───── Source data

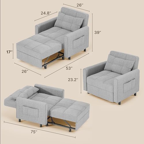 - Stable and Durable: The sleeper chair features a solid steel frame and high-quality sponge for lasting support and resilience. The breathable linen fabric ensures excellent comfort for a satisfying seating experience
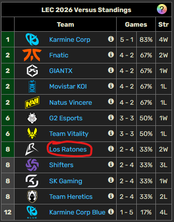What will Los Ratones place in LEC Versus? (out of 12)
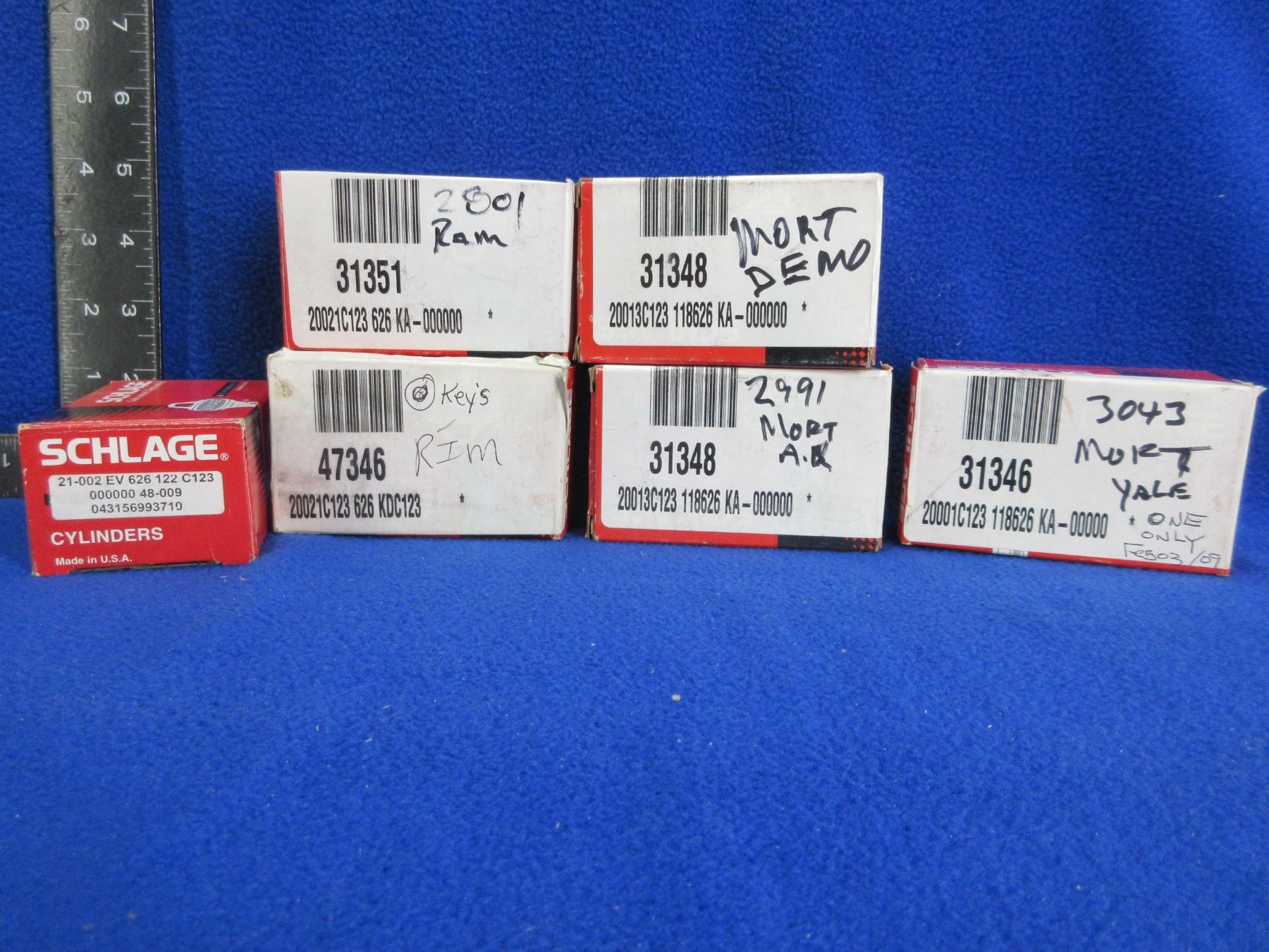 NEW - 6 Schlage Cylinders - 47346, 31346, 31351, 2@31348, 21-002 EV 626 122 C123

──────────

Task →
Begin the copy at the line containing "What will Los" and end it at the final line of the material above, reproducing each line exactly and omitting pictures.

Solution →
What will Los Ratones place in LEC Versus? (out of 12)
 NEW - 6 Schlage Cylinders - 47346, 31346, 31351, 2@31348, 21-002 EV 626 122 C123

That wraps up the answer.